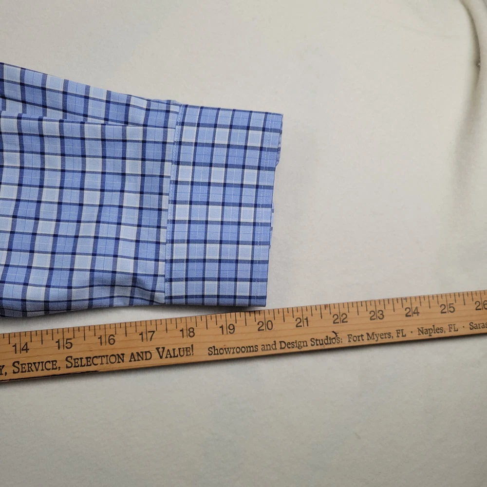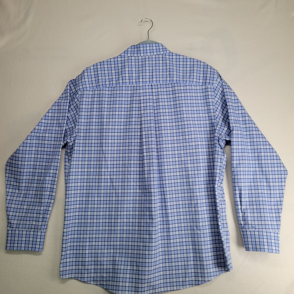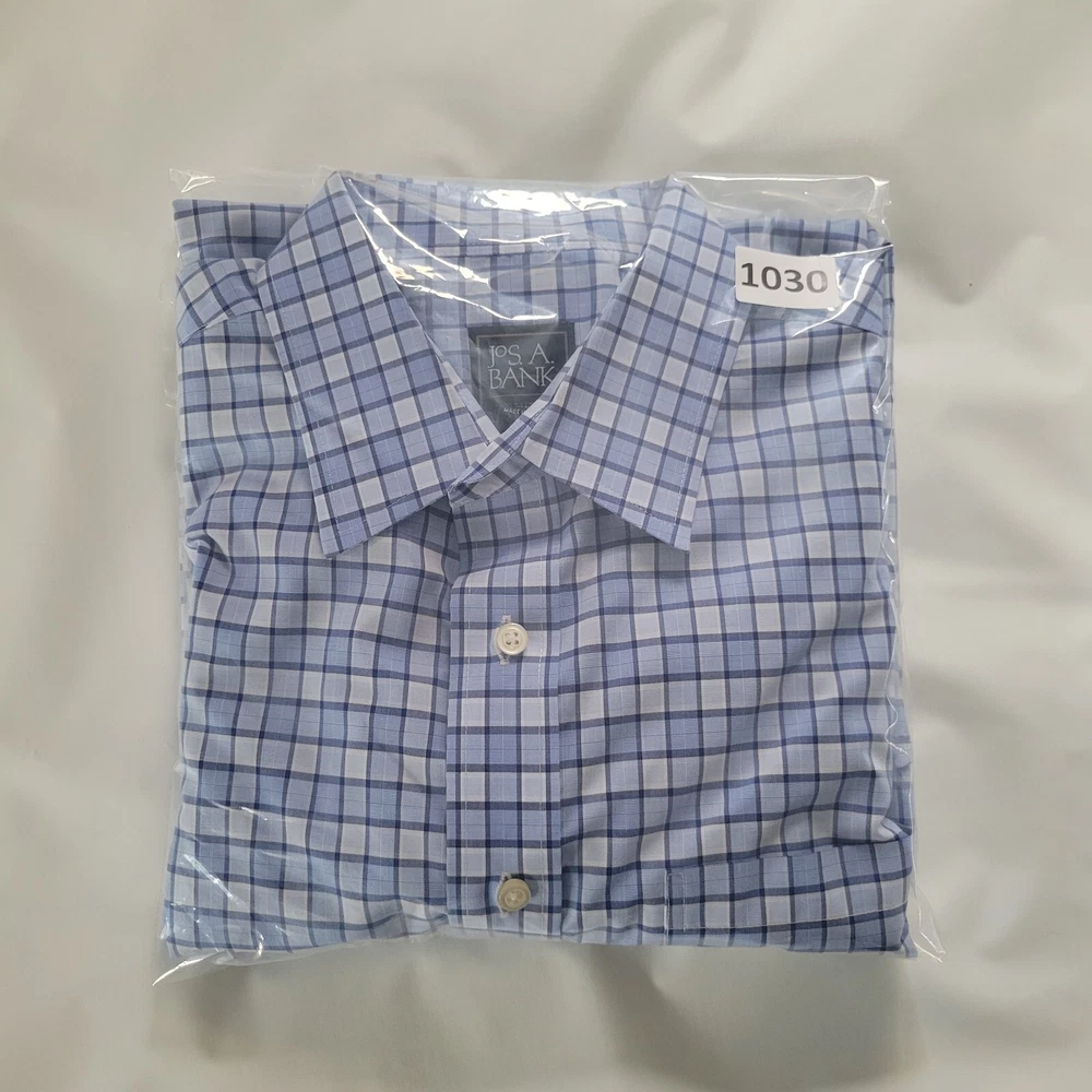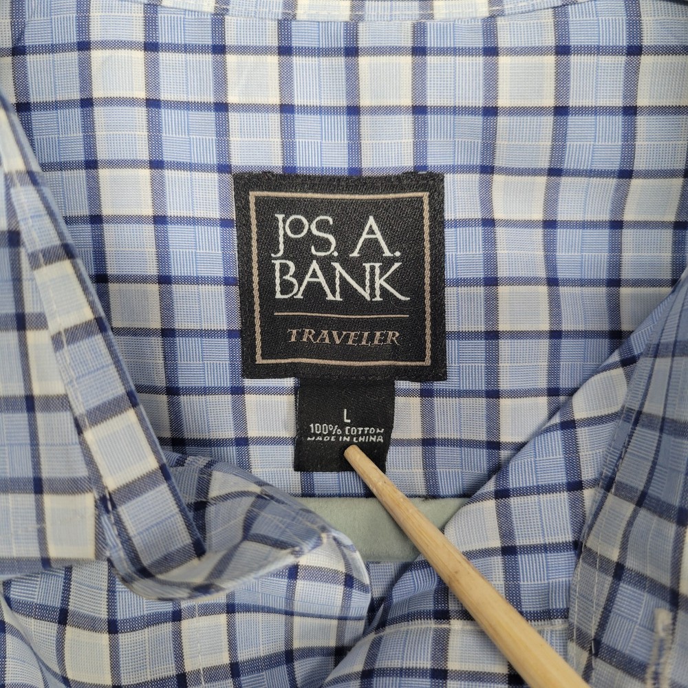 HomeJos A Bank Mens L Shirt Traveler Blue Check Plaid Button Up Dress Shirt
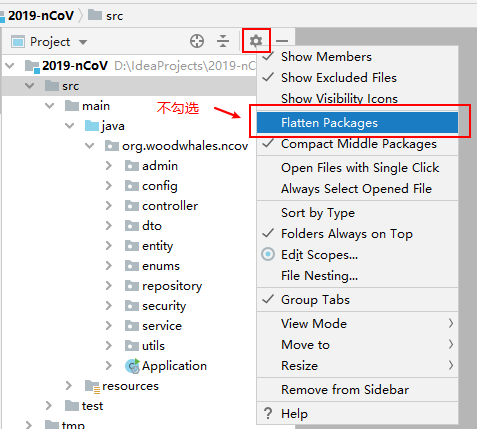 点击项目资源管理器上的小齿轮,不勾选 Flatten Packages:
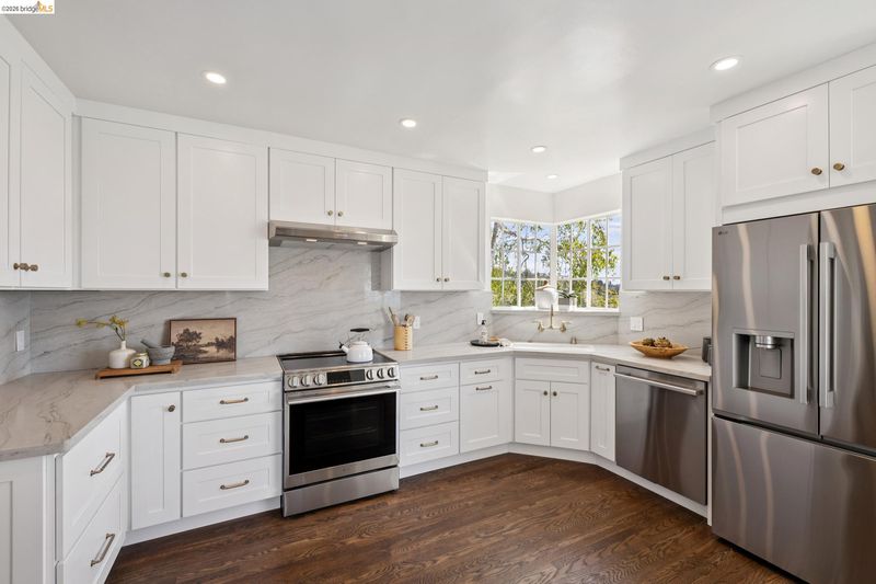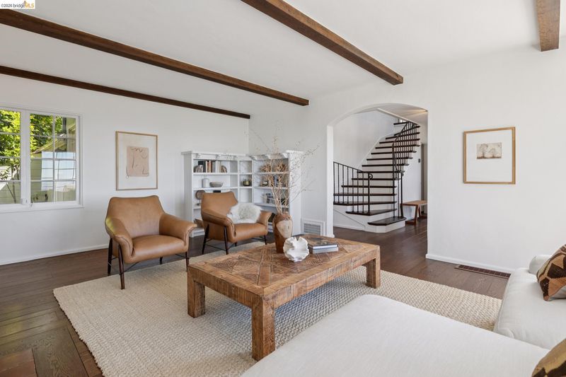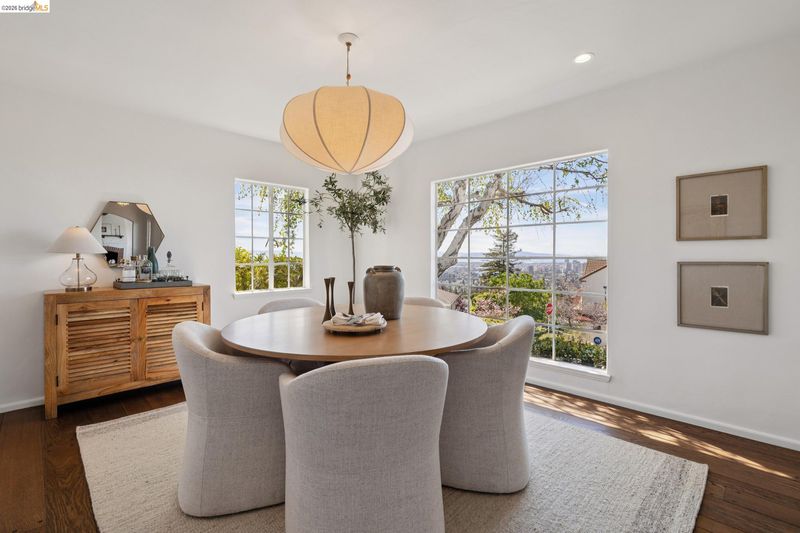 This enchanting storybook traditional, commands sweeping San Francisco Bay views that unfold like a living painting, light, water, and skyline in constant motion. A compelling blend of timeless character and just-completed updates, the home pairs classic architecture with effortless livability. The main level features a striking living room with wood-hewn beams and rustic wood burning fireplace, a striking dining room oriented to capture the mesmerizing views, and a perfectly placed bedroom and full bath. Interior access to the attached two-car garage adds everyday ease. The newly renovated eat-in kitchen is a true centerpiece, with crisp new cabinetry, updated countertops, a new state-of-the-art induction range, and elevated designer finishes, overlooking a sunlit, level lawn, ideal for play or relaxation. Upstairs features three spacious bedrooms and two beautifully updated baths, with two bedrooms featuring versatile adjoining spaces and a primary set apart for a quiet retreat. A truly special offering, moments from Piedmont’s renowned schools, parks, and the soon-to-open community pool.
+ + +
Exercise prompt → Your copy of the material above should be exact and free of pictures.

Expected answer →
 HomeJos A Bank Mens L Shirt Traveler Blue Check Plaid Button Up Dress Shirt
 点击项目资源管理器上的小齿轮,不勾选 Flatten Packages:
 This enchanting storybook traditional, commands sweeping San Francisco Bay views that unfold like a living painting, light, water, and skyline in constant motion. A compelling blend of timeless character and just-completed updates, the home pairs classic architecture with effortless livability. The main level features a striking living room with wood-hewn beams and rustic wood burning fireplace, a striking dining room oriented to capture the mesmerizing views, and a perfectly placed bedroom and full bath. Interior access to the attached two-car garage adds everyday ease. The newly renovated eat-in kitchen is a true centerpiece, with crisp new cabinetry, updated countertops, a new state-of-the-art induction range, and elevated designer finishes, overlooking a sunlit, level lawn, ideal for play or relaxation. Upstairs features three spacious bedrooms and two beautifully updated baths, with two bedrooms featuring versatile adjoining spaces and a primary set apart for a quiet retreat. A truly special offering, moments from Piedmont’s renowned schools, parks, and the soon-to-open community pool.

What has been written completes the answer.